Anak perempuanku yang berusia 15 tahun mulai menyembunyikan hal-hal dariku dan menghilang di malam hari – ketika aku mengikutinya, aku hampir pingsan.

Lily dan aku dulu selalu berbagi segalanya—sampai tiba-tiba, kami tidak lagi melakukannya. Ketika perilakunya berubah dan rahasia-rahasia menumpuk, aku memutuskan untuk mencari tahu kebenarannya sendiri, meskipun hal itu sangat menakutkan bagiku.
Aku adalah seorang ibu tunggal berusia 40 tahun yang tinggal di bagian tenang kota bersama putriku yang berusia 15 tahun, Lily, dan ibuku yang berusia 65 tahun, Marlene.

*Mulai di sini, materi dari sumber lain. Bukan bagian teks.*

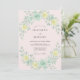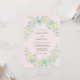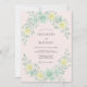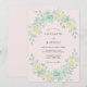 Delicada follaje verde menta rodea flores suaves y amarillas mantecosas, creando una atmósfera serena y romántica. Este diseño de acuarela evoca un sentimiento suave y natural perfecto para una ocasión de primavera o verano. La composición aérea sugiere elegancia y belleza discreta.
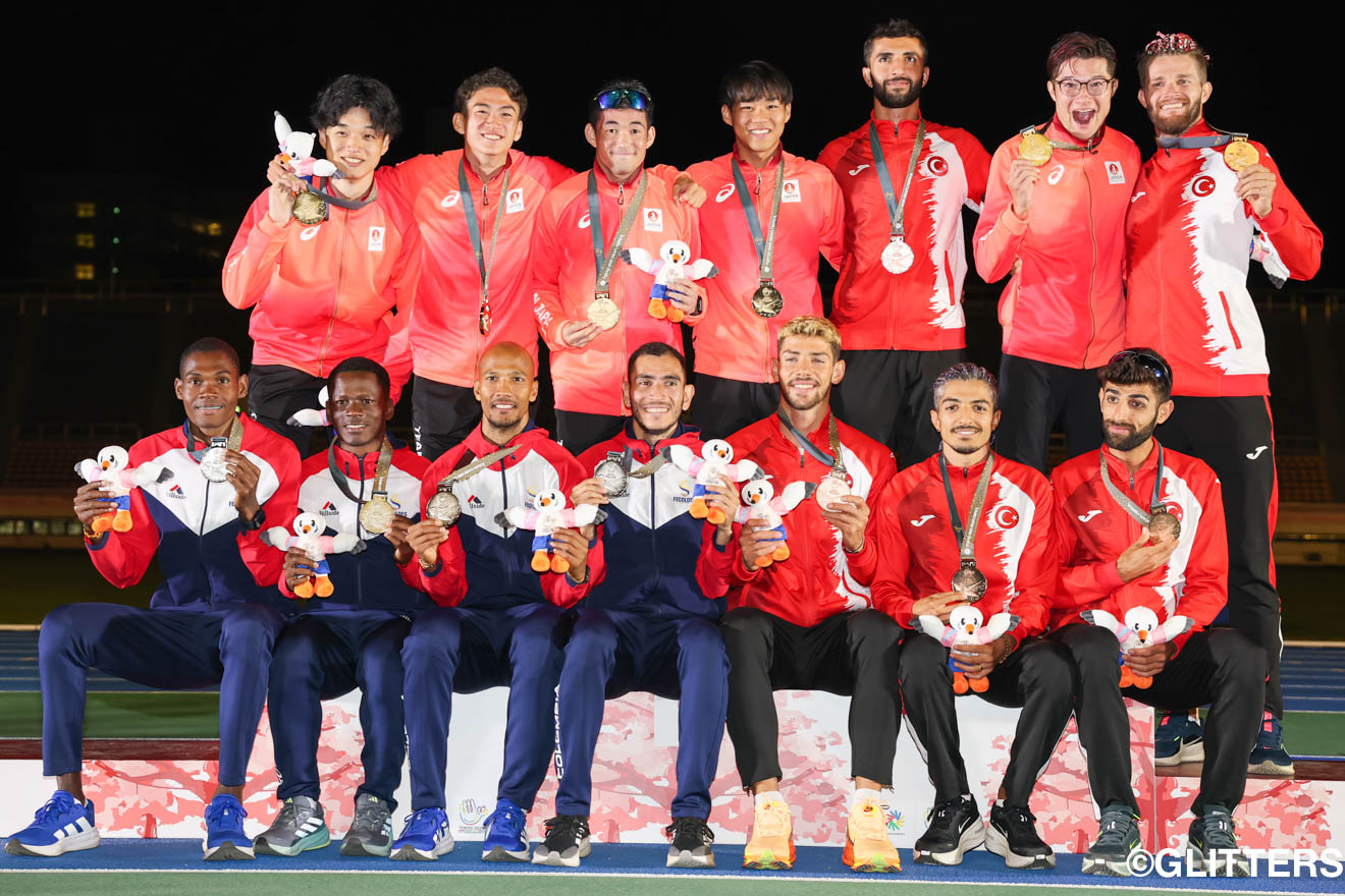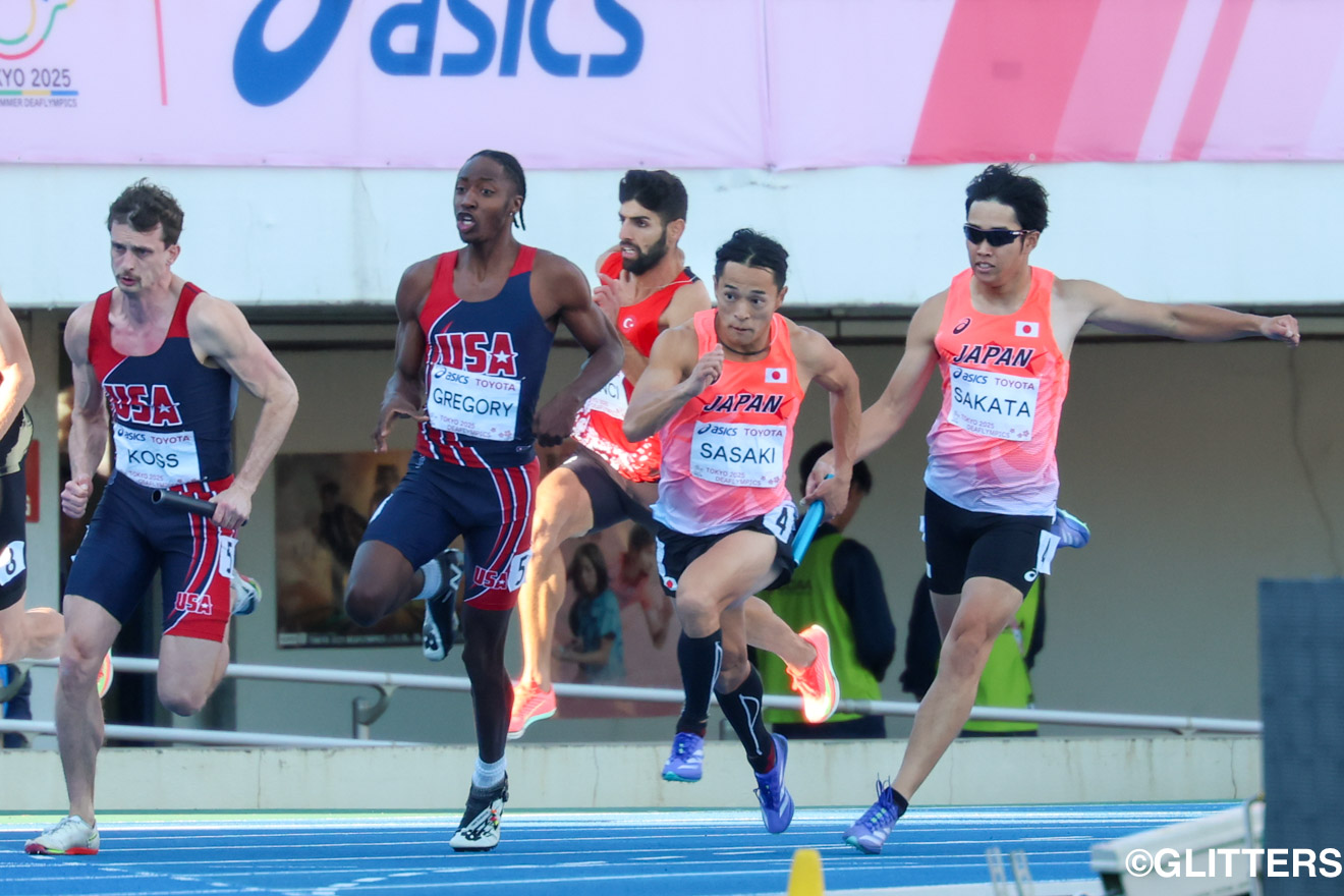 男子400mリレーでは、前日の予選を組2着、全体でも3位で決勝進出を決めた4人がそのまま決勝のメンバーとなった。まずは岡本隼が好スタートを切り、第2走者の冨永幸佑、第3走者の坂田翔悟もしっかりとバトンをつないだ。レースは第3走者の時点でメダル争いは日本、アメリカ、コンロビアの3カ国に絞られていたが、第3走者から第4走者へのバトンの受け渡しがうまくいかなかったコロンビアが脱落。日本とアメリカの一騎打ちとなり、観客で埋め尽くされたホームストレートを2人のアンカーが疾走した。
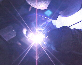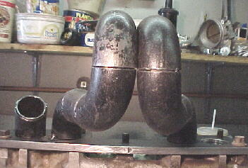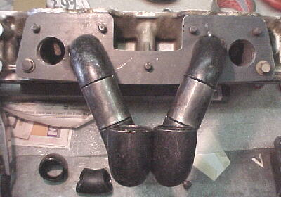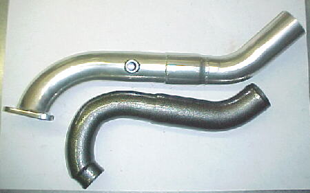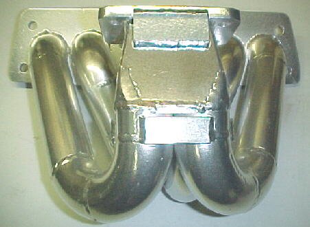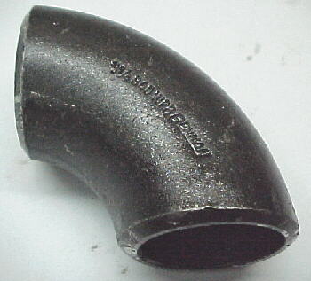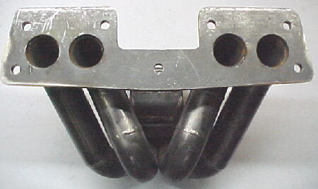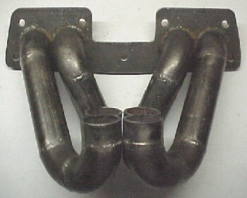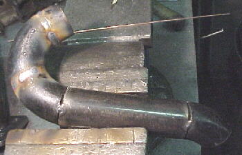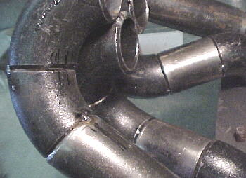 This header was constructed from 1 1/4 schedule 40 NSP weld els and tubing. The els are available from most industrial plumbing and gas fitting shops and are very inexpensive. They are made from a high strength, weldable alloy steel and have a nice V at each end to pour in a good, strong weld. They are available in 45 and 90 degree bends and short and standard radius styles. We recommend using the standard, longer radius ones whenever possible as they have less flow restriction. The els are also available in different IDs. The size describes the approximate ID, not the OD. The 1 1/4 ones are actually about 1 3/8 ID. Straight schedule 40 NSP tubing is used between els. These parts have a very thick wall thickness so the header will probably weigh as much as a heavy cast iron manifold. This thickness is necessary with non-stainless tubing for longevity at the high temperatures encountered. Standard mild steel header tubing will quickly self destruct if used for a turbo header. These materials have proved to last for several years of hard use on many engines including road racing applications.

Hidup kami umumnya damai dan tanpa insiden hingga Lily mulai bertingkah mencurigakan. Ketika saya menemukan kebenaran di balik perilakunya, air mata pun mengalir dari mata saya.
Seorang wanita menangis | Sumber: Pexels
Saya menjadi orang tua tunggal setelah suami saya meninggal lima tahun lalu. Dia meninggal karena serangan jantung mendadak yang menghancurkan dunia kami, dan sejak itu, kami bertiga. Kami menyebut diri kami lingkaran gadis kecil—satu yang lelah oleh kehidupan, satu yang berada di tengah-tengahnya, dan satu yang baru memulai.
Lily dan saya sangat dekat, hampir tidak biasa. Kami memasak bersama, menonton acara realitas yang tidak bermutu dalam piyama, dan berbincang lama hingga larut malam tentang segala hal. Kami membicarakan drama sekolahnya dan mengapa anak laki-laki itu bodoh. Dia dulu menceritakan segalanya kepada saya, tetapi baru-baru ini, ikatan itu mulai terurai.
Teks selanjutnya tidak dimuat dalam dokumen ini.